Jesse Kauppila has remastered Harry Smith's "Anthology of American Folk Music," so that it can be played on a record player or printed through a printing press. |
I hate to say it, but a lot of my work really benefits from the white cube environment. My work often requires precise lighting conditions and little distraction to see subtle differences in the results of the often repetitive processes I use to create my work. Also, the white cube allows the viewer to see the subtlety of precise intentions.
Occasionally, I like to create work for abnormal locations and situations (bunkers, barns, fields, fountains). This allows me to build on what is already present, to riff on it, add to it, or spring from it. It's an interesting challenge and a lot of fun, however, I consider my more sophisticated projects to be better presented in the white cube because I like to build systems from the ground up and show everything I have done. The white cube provides the opportunity to see a stand alone project.
I also like to do performances in non-standard settings.
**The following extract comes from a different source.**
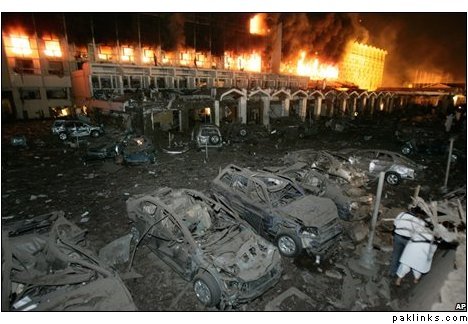 Sentiments apart but blast of this scale and strength in such a high security zone is an indication of something else...that is, the perpetrators had done elaborate planning...one should not forget Zaradari will be visiting US in a couple of days where he would meet Bush...Robert Gates US defense secretary had said a week ago that ISI would have to be reformed...And sometimes back, there was this assasination attempt on Yousaf Gilani...

I like to do conceptual work in these settings because I am able to show people that might not otherwise be interested in conceptual art what I am doing and win them over. This sort of "missionary" work is something that is really important to me, especially when done in rural settings.
2. If expository writing is good at elucidating and proving a point and
descriptive geometry gives us the tools by which to map objects in space
in relation to one another, what kind of an apparatus does art afford us?
What does art do best?
If there were a spectrum of apparati between expository writing (used to prove a point) and geometry (used to describe objects in space), I would say that modern art tends toward expository writing. An essayist (though not a novelist) establishes his/her thesis and sets out to prove it within a given piece of writing, the artist has no such luxury. I also don't believe that art is used to describe the world in the way that geometry is (at least modern art doesn't operate in that manner). What makes art unique is that artist establishes their own criteria, which they fulfill in the creation of their work. The viewers then use their own criteria for understanding the piece. It is this gap, the question of criteria for judging, which creates much of the confusion around contemporary art. I think most art is more interesting when you have some notion of what the artist is trying to do and then you can evaluate the artist against his or her criteria and against your own criteria.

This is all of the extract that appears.